His suspected death was announced in the Easter 1944 issue of The Griffin:

‘Harry Orme Dooyewaard, of Dutch nationality on his father’s side, was born in England and educated at St. Lawrence College, Ramsgate, where he was a School Prefect and played in his House hockey and rugger teams. He had two years at Downing, and these have been described as the happiest time of his life. His affectionate, open and confiding nature made him a good friend and a good member of a community. He was a rowing man from the start, and presently stroked the First Boat.

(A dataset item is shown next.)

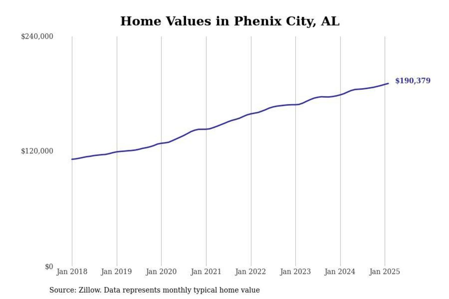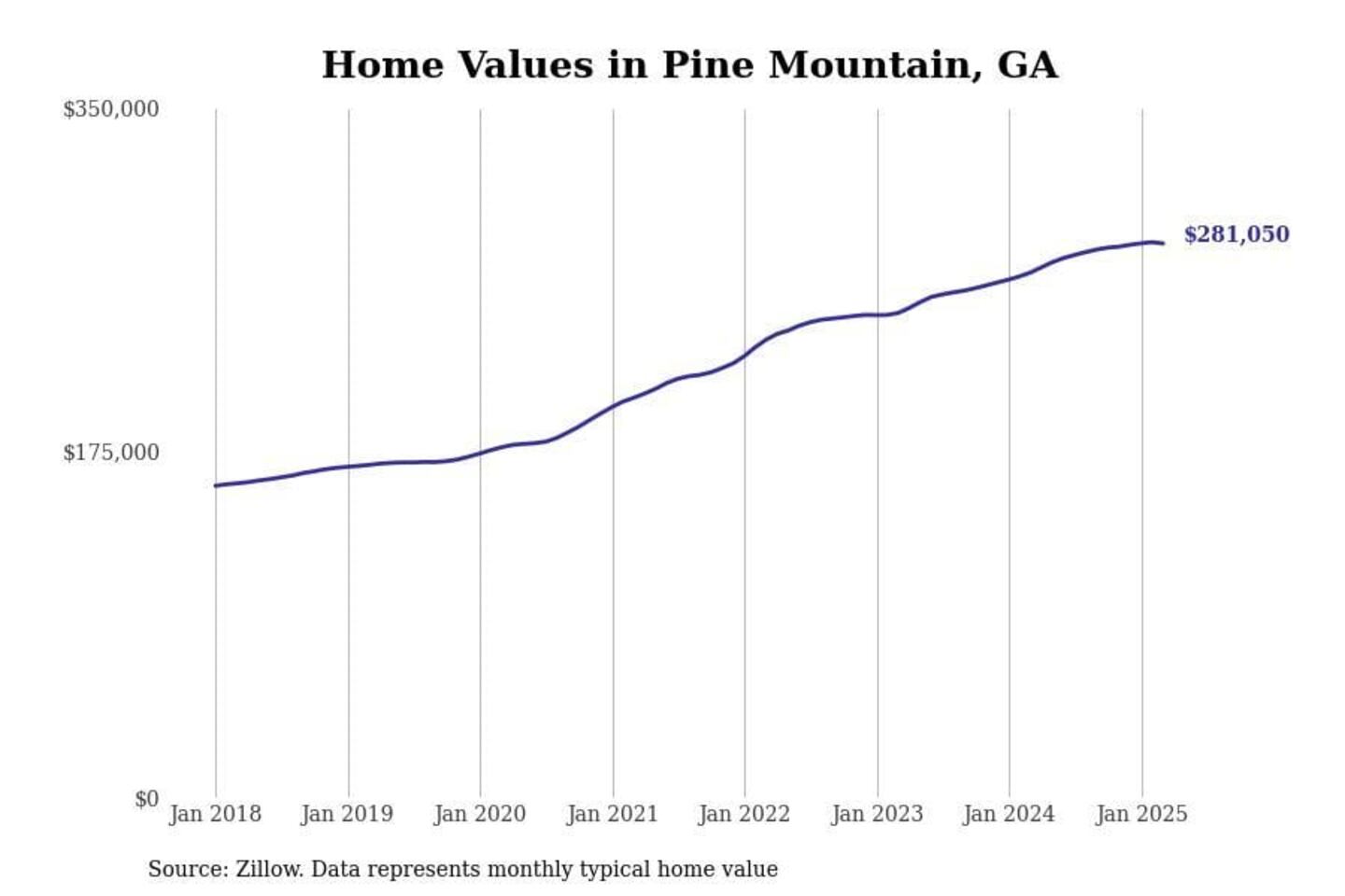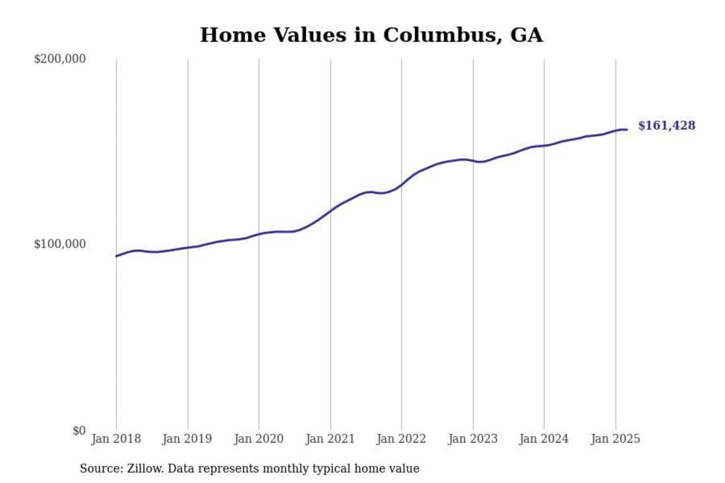 Stacker compiled a list of cities with the most expensive homes in the Columbus, GA-AL metro area using data from Zillow. Charts show the monthly typical home value since January 2018.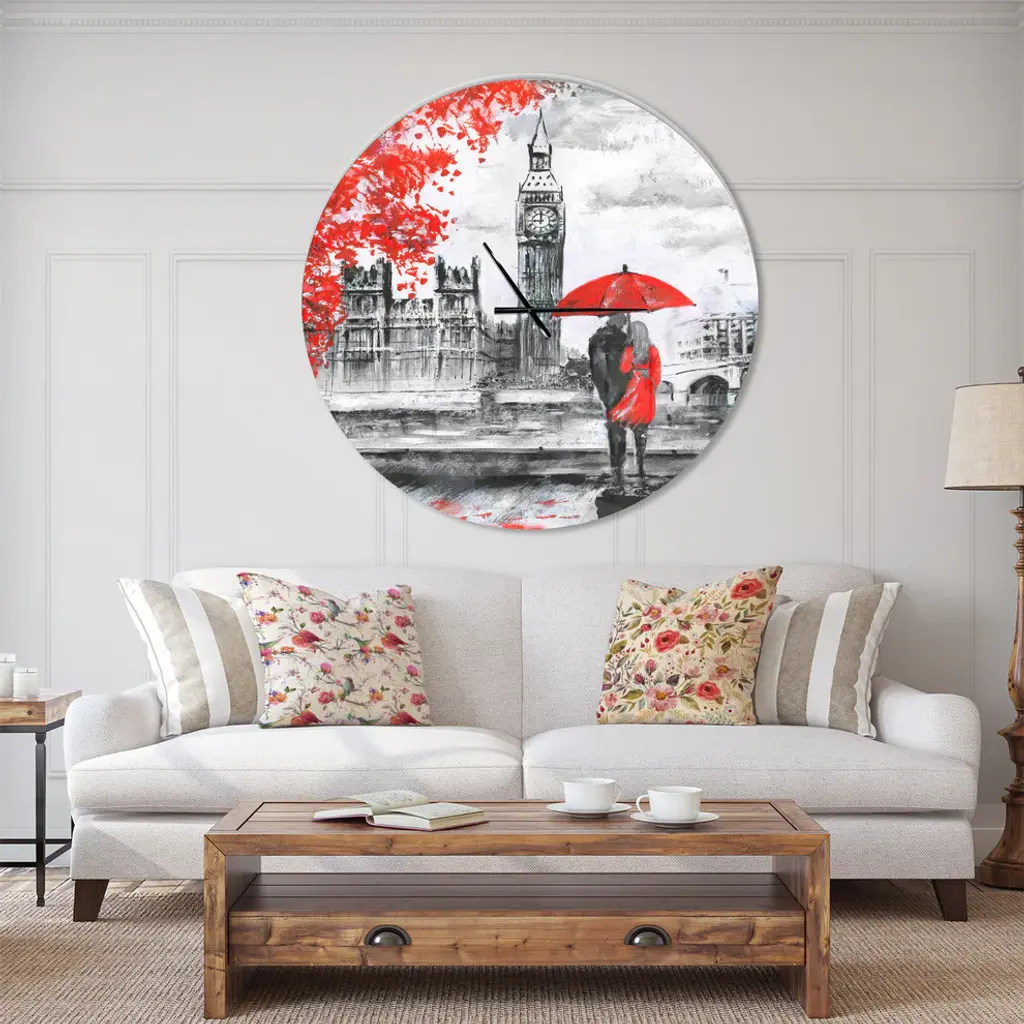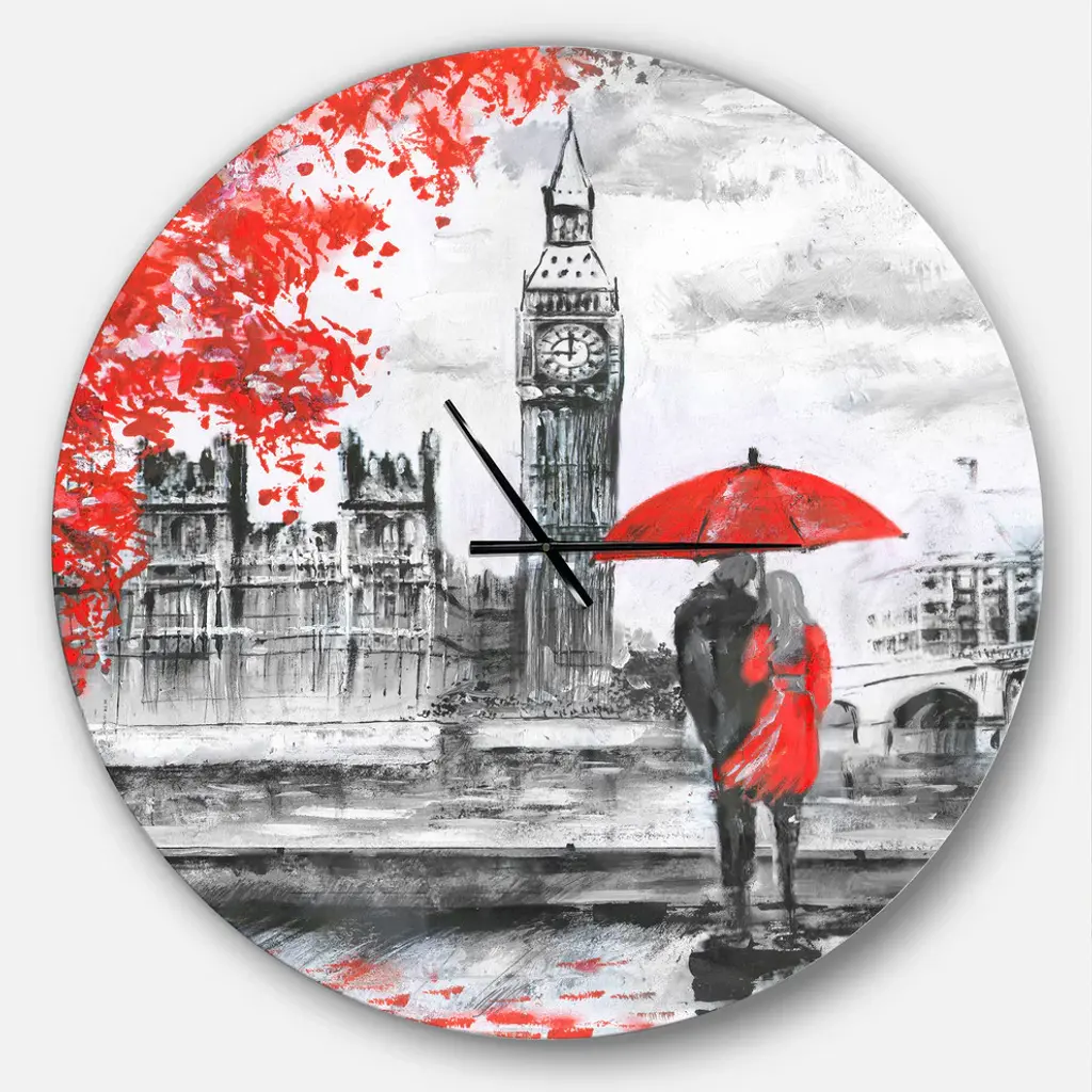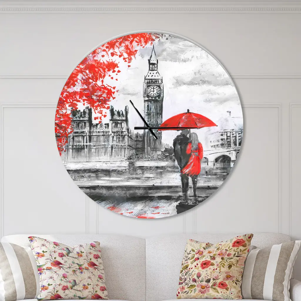 Couples Walking In London Oversized French Country Metal Clock, 36x36

His latter days at the College were marred by his solicitude for his relatives in German-occupied Holland, and he welcomed the opportunity offered by his double nationality of serving in the Royal Navy in liaison with the Royal Netherlands Navy. This opportunity came to him after nearly three years of hard and perilous work on the lower deck, when, in December 1943, he received his commission. Thereafter he performed duties which do not belong to the chronicle of nations still at war, and met his death on duty. All his many friends, and all who knew him, will deeply mourn the loss of a lovable man, and will join in asking his Family and his relations to accept a tribute of sorrow and sympathy’.

In October 1951, Johannes Dooyewaard, Harry’s father, presented two paintings to the College in his memory. The paintings, ‘A Bali Girl Selling Fruit’ (painted in Bali, 1930-1) and ‘Mongolian Ponies’ (painted in Mongolia, 1926), were painted by Harry’s uncle, Willem Dooyewaard (1892-1980), and originally hung on the walls in the JCR. In early 2019, they were conserved and moved to the newly-refurbished West Lodge function rooms.  

Harry's niece visited the College in August 2019 to view the paintings in their new location and kindly donated a collection of papers, photographs and other items relating to Harry's life and military service to the College Archive. The catalogue for this collection is now available via the University's online archive catalogue, Janus.